(DATA SHOWN Opens)
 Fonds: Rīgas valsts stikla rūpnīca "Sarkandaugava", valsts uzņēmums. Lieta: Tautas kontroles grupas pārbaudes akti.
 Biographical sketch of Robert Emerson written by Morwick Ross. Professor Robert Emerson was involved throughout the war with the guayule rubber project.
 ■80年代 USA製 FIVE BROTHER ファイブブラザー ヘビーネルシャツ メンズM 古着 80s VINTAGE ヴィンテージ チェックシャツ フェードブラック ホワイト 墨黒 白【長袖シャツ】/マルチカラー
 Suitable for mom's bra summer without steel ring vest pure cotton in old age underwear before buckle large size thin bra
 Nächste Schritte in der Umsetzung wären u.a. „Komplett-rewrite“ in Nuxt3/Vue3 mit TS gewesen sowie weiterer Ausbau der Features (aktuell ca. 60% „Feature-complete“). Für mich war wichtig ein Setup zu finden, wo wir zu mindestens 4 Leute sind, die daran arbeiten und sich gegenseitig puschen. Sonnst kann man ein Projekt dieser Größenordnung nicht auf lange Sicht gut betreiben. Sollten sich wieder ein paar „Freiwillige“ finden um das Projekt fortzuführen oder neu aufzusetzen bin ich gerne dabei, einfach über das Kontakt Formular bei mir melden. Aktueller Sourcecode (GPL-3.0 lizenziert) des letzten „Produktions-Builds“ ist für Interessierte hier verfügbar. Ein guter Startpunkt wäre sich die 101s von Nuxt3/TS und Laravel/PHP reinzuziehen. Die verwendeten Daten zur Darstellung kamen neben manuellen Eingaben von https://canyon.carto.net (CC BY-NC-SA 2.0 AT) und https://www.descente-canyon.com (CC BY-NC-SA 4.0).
(DATA SHOWN Closes)
(DATA SHOWN Opens)
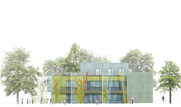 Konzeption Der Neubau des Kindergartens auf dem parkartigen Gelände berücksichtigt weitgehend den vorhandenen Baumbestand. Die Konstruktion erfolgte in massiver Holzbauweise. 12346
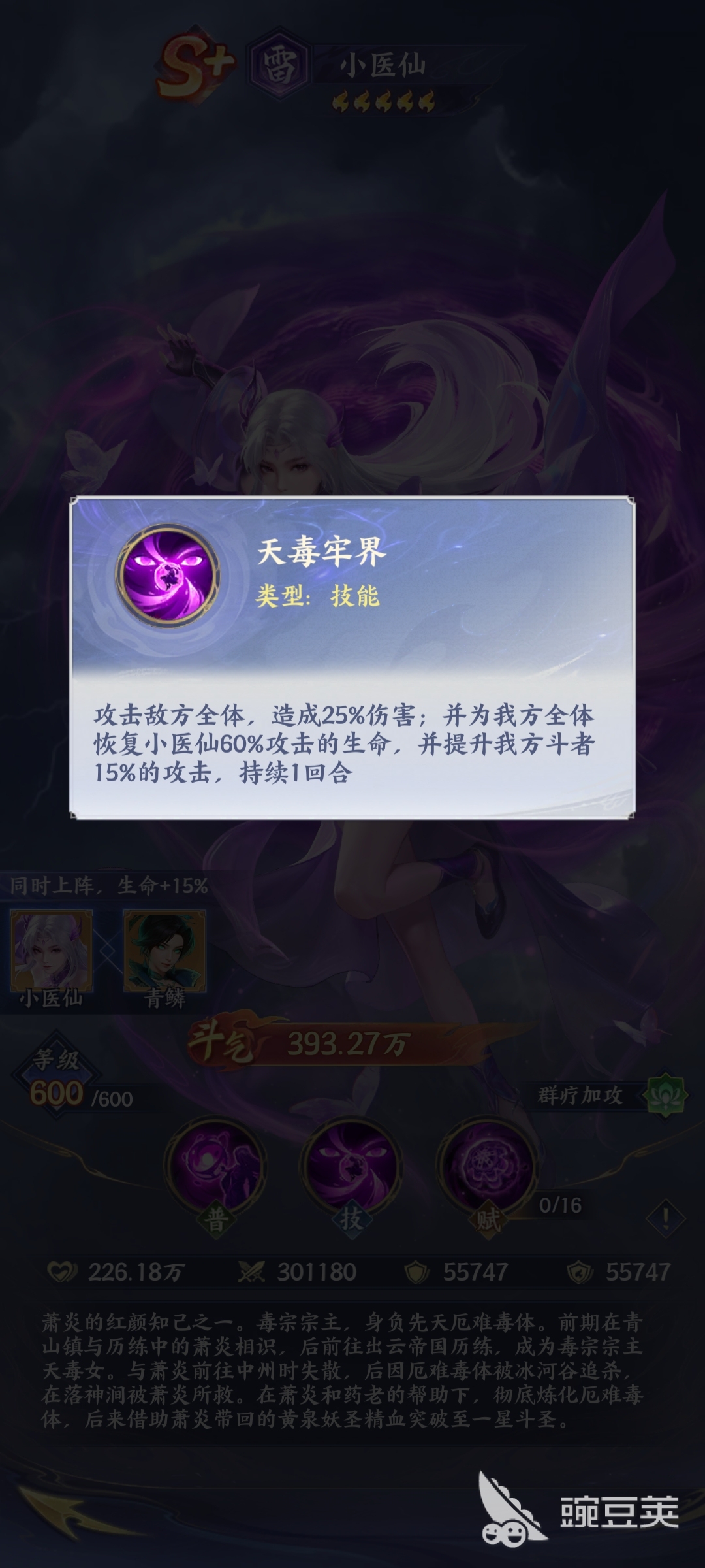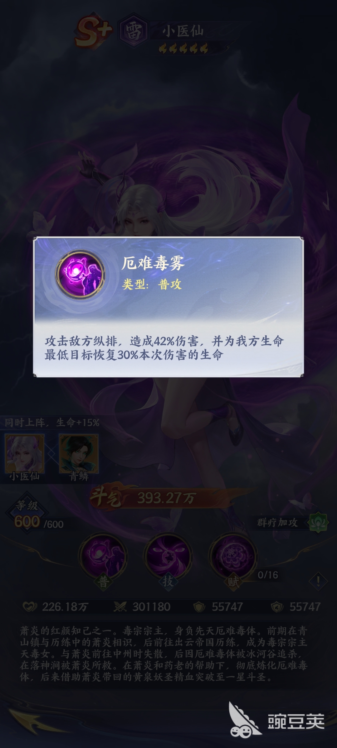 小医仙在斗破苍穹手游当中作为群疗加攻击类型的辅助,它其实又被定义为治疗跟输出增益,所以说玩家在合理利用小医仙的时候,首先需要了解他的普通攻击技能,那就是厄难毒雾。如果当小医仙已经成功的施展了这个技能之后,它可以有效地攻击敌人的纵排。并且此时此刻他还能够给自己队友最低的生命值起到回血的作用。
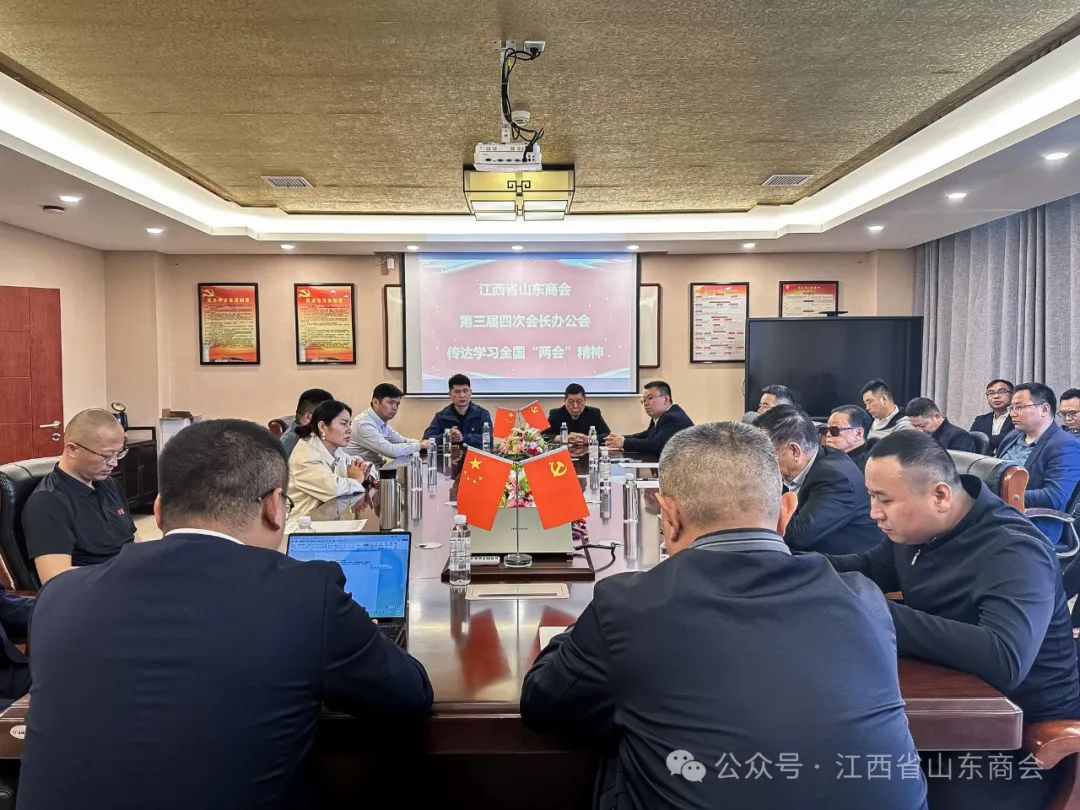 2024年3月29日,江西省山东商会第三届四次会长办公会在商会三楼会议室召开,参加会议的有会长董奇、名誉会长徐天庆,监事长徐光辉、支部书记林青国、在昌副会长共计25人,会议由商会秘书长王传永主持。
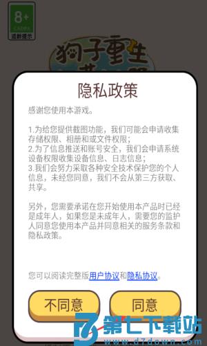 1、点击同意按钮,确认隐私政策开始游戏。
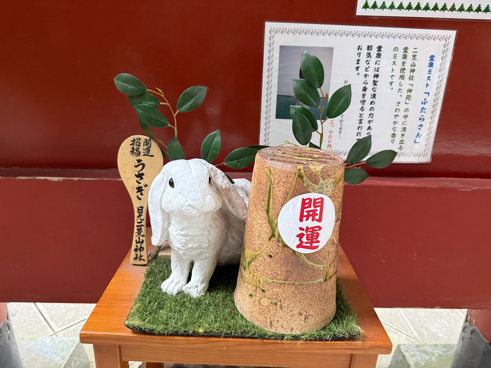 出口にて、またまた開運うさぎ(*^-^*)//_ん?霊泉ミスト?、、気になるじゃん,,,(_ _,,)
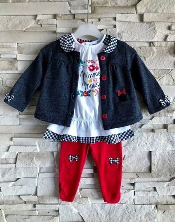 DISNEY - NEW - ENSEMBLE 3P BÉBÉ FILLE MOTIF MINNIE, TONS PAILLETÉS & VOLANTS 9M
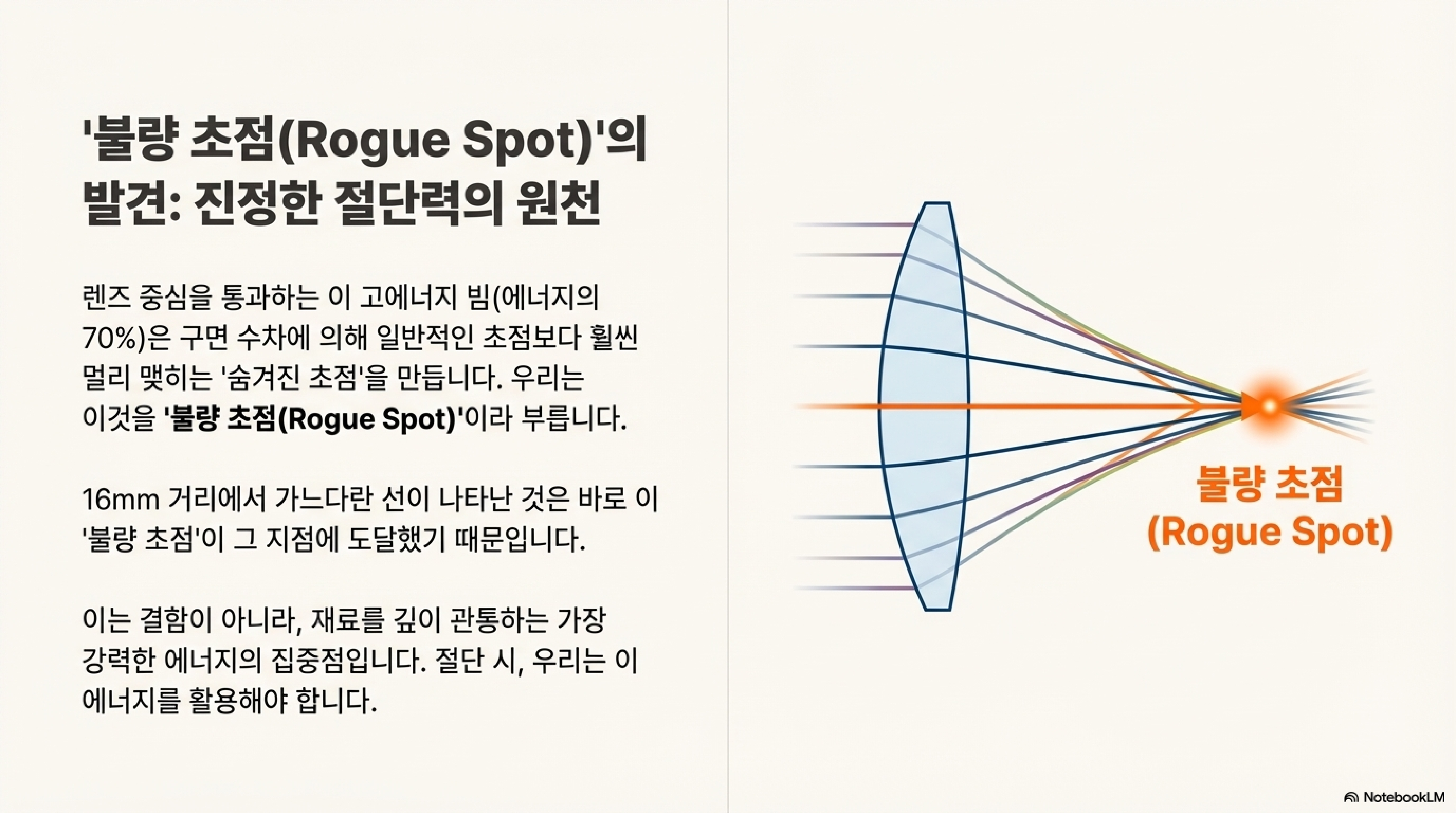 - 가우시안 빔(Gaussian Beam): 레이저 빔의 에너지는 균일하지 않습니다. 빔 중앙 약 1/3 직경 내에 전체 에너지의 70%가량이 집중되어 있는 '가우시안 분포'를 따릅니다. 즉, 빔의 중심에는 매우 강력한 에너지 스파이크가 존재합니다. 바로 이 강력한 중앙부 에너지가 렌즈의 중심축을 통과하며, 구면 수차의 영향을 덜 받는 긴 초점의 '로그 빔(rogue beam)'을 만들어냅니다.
(DATA SHOWN Closes)
(DATA SHOWN Opens)
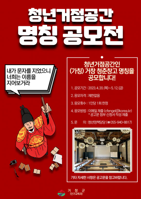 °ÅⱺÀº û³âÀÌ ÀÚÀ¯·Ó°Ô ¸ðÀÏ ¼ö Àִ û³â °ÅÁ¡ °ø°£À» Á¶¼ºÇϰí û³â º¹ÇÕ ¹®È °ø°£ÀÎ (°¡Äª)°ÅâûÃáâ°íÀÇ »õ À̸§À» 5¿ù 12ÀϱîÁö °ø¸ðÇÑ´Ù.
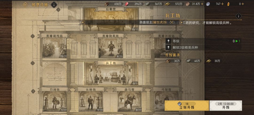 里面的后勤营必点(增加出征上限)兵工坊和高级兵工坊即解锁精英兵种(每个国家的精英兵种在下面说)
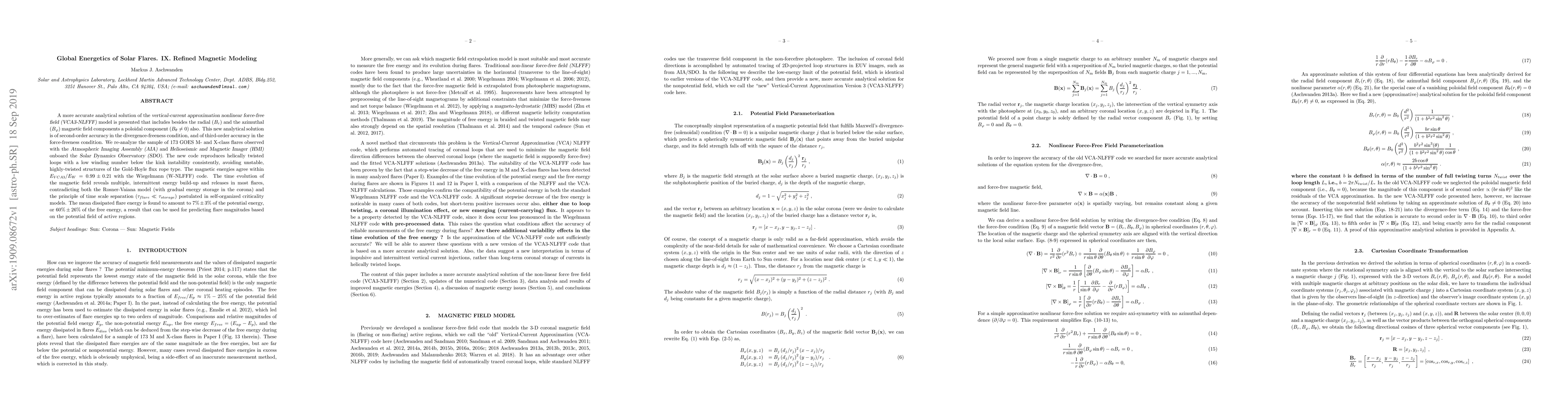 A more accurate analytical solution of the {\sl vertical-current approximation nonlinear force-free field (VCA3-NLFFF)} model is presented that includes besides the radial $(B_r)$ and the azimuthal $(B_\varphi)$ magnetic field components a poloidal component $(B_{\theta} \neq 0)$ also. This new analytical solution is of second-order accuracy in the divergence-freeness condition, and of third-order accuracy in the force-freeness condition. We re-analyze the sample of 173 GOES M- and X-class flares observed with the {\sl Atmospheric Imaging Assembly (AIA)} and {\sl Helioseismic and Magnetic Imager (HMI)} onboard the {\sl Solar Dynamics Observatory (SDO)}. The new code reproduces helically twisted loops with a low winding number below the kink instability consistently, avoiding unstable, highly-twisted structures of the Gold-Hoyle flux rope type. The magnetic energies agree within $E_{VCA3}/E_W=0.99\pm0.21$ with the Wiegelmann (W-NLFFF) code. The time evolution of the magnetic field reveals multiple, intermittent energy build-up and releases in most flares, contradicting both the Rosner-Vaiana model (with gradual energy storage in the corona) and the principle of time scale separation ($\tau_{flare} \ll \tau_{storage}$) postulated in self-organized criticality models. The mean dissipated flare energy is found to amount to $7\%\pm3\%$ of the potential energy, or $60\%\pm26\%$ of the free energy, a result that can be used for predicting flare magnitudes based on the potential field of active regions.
(DATA SHOWN Closes)
Going by the data above, the answer is exactly the lines from the one holding "2024年3月29日,江西省" to the one holding "DISNEY - NEW", both kept, with the pictures left out.

(SOLUTION BELOW)
 2024年3月29日,江西省山东商会第三届四次会长办公会在商会三楼会议室召开,参加会议的有会长董奇、名誉会长徐天庆,监事长徐光辉、支部书记林青国、在昌副会长共计25人,会议由商会秘书长王传永主持。
 1、点击同意按钮,确认隐私政策开始游戏。
 出口にて、またまた開運うさぎ(*^-^*)//_ん?霊泉ミスト?、、気になるじゃん,,,(_ _,,)
 DISNEY - NEW - ENSEMBLE 3P BÉBÉ FILLE MOTIF MINNIE, TONS PAILLETÉS & VOLANTS 9M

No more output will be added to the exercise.